* ASSIGNMENT
In the material below, find the line with "由图17可见,12年来,湖南" and the line with "Cadena de plata", then output those two lines and every line between them, exactly.

* DATA SUPPLIED
***

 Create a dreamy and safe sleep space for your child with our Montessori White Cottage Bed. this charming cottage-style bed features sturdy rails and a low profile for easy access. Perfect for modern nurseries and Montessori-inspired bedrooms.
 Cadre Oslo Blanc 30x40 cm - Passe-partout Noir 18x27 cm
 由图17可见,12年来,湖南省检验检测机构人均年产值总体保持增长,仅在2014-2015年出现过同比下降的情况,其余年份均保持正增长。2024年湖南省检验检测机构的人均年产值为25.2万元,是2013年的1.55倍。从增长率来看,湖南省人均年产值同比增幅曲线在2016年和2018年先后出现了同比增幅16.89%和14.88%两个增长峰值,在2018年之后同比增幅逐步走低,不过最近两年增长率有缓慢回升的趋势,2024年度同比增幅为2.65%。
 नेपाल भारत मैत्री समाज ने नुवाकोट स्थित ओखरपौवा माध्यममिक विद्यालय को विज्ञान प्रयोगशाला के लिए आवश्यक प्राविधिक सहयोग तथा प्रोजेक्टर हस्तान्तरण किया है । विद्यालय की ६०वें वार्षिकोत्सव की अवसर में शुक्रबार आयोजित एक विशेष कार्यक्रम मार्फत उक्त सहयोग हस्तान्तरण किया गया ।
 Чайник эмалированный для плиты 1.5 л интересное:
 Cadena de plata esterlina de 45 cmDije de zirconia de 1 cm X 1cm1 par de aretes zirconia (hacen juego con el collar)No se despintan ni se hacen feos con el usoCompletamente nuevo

***

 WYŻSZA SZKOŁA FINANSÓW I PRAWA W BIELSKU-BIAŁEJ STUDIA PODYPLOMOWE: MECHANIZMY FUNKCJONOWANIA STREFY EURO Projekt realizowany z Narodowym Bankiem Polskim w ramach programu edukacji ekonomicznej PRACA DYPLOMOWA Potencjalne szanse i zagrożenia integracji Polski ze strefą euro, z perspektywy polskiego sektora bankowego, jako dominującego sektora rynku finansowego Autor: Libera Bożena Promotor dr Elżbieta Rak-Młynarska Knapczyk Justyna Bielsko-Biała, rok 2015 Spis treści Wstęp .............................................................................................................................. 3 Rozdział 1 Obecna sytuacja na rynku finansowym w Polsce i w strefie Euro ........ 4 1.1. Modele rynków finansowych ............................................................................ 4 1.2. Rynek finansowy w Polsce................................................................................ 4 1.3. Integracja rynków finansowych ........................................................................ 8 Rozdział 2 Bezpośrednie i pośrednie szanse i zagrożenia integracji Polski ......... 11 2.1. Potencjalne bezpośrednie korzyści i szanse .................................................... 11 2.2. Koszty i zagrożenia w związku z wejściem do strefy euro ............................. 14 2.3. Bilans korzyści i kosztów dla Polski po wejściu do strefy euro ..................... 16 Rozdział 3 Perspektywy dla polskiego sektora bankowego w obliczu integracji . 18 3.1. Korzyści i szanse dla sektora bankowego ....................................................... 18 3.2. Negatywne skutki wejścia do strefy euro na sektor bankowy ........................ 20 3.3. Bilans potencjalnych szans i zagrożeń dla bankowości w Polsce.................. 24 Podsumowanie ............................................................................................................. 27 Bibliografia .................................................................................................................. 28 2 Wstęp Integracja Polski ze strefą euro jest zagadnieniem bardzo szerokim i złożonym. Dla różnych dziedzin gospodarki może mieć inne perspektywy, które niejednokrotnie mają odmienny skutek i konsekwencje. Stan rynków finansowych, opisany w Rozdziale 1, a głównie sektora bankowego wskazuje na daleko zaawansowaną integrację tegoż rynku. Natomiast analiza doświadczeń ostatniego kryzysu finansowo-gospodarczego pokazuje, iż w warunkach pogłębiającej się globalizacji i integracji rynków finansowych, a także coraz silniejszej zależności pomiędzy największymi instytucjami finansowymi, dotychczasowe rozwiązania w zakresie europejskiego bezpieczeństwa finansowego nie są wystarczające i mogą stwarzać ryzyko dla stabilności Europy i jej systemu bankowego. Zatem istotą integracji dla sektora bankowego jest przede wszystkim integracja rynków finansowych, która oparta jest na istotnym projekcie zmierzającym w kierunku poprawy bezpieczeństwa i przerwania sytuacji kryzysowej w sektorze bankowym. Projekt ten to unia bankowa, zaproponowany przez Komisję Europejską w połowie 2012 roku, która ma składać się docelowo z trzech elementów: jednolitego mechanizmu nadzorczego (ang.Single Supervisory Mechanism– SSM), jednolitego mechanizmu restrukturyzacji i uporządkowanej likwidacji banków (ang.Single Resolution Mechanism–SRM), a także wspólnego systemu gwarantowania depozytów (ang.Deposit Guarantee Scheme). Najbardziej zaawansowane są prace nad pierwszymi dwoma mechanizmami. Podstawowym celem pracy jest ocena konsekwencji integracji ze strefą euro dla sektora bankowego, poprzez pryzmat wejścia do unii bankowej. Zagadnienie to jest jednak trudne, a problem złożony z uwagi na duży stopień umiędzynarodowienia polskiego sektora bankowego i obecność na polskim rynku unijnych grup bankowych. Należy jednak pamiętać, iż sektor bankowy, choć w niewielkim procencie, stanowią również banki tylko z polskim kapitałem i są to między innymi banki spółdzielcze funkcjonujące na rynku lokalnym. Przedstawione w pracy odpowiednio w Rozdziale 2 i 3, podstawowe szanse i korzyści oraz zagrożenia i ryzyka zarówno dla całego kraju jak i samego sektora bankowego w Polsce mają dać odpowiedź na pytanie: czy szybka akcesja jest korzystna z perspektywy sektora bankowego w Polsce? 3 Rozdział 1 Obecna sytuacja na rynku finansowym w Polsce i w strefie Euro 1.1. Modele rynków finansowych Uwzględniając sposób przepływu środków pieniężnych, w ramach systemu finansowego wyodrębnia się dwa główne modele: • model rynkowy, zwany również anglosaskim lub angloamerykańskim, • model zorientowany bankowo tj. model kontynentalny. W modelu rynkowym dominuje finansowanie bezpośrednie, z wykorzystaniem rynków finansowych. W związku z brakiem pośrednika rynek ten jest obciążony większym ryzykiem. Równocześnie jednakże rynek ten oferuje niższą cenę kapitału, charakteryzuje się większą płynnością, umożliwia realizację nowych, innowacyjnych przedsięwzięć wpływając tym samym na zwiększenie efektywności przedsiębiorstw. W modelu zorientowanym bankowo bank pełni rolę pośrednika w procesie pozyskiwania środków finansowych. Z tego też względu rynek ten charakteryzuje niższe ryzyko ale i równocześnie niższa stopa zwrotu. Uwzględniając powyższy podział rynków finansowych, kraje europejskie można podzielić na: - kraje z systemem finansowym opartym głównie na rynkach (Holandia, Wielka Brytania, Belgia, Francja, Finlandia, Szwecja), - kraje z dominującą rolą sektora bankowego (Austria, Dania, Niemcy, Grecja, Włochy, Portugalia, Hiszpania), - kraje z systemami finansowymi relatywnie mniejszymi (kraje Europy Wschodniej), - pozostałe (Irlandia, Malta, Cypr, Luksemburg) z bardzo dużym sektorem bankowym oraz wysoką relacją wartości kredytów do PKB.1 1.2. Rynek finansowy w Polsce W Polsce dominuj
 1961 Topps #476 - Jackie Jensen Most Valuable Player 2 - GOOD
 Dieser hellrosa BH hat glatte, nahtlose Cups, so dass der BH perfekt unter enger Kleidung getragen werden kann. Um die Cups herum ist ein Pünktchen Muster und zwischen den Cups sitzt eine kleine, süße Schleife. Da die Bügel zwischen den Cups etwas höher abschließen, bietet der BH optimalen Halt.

***

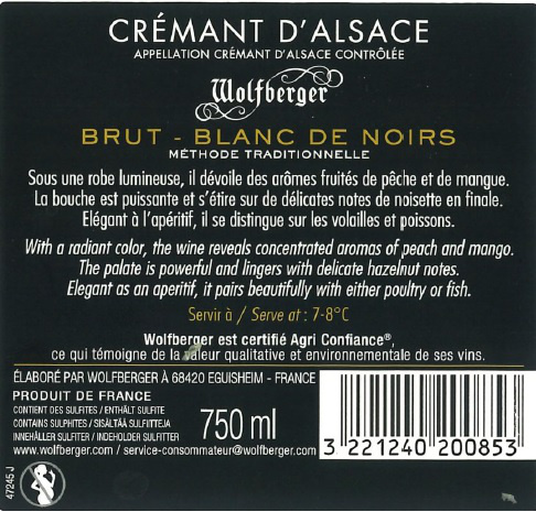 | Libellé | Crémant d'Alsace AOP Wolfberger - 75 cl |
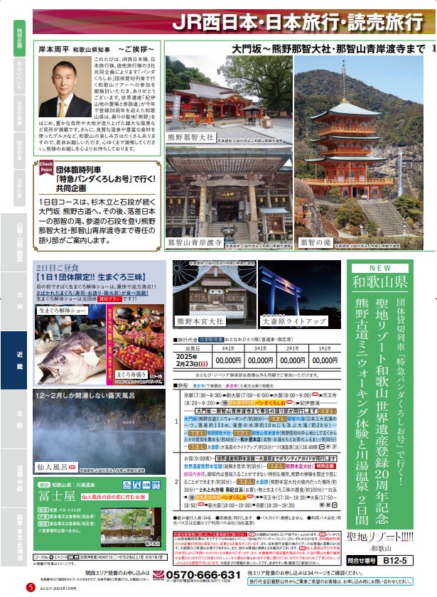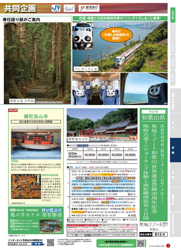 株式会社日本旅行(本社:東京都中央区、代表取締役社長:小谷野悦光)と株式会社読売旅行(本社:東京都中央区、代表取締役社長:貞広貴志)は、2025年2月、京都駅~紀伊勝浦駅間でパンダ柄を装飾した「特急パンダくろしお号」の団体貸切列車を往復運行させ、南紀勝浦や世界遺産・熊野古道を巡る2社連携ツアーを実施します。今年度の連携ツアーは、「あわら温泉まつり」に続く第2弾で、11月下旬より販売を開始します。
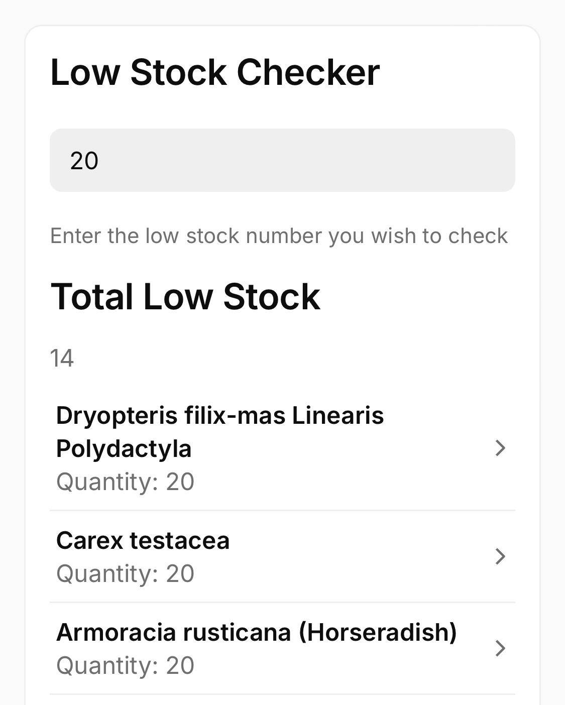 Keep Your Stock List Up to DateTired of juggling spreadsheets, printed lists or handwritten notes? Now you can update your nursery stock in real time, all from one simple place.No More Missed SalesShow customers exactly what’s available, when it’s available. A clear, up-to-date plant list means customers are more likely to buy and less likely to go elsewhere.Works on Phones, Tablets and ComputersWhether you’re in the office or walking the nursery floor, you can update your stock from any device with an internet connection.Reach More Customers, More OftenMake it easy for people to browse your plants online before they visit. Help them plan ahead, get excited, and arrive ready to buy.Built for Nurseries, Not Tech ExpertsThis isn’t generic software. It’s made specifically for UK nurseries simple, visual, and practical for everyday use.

***

* RESPONSE
 由图17可见,12年来,湖南省检验检测机构人均年产值总体保持增长,仅在2014-2015年出现过同比下降的情况,其余年份均保持正增长。2024年湖南省检验检测机构的人均年产值为25.2万元,是2013年的1.55倍。从增长率来看,湖南省人均年产值同比增幅曲线在2016年和2018年先后出现了同比增幅16.89%和14.88%两个增长峰值,在2018年之后同比增幅逐步走低,不过最近两年增长率有缓慢回升的趋势,2024年度同比增幅为2.65%。
 नेपाल भारत मैत्री समाज ने नुवाकोट स्थित ओखरपौवा माध्यममिक विद्यालय को विज्ञान प्रयोगशाला के लिए आवश्यक प्राविधिक सहयोग तथा प्रोजेक्टर हस्तान्तरण किया है । विद्यालय की ६०वें वार्षिकोत्सव की अवसर में शुक्रबार आयोजित एक विशेष कार्यक्रम मार्फत उक्त सहयोग हस्तान्तरण किया गया ।
 Чайник эмалированный для плиты 1.5 л интересное:
 Cadena de plata esterlina de 45 cmDije de zirconia de 1 cm X 1cm1 par de aretes zirconia (hacen juego con el collar)No se despintan ni se hacen feos con el usoCompletamente nuevo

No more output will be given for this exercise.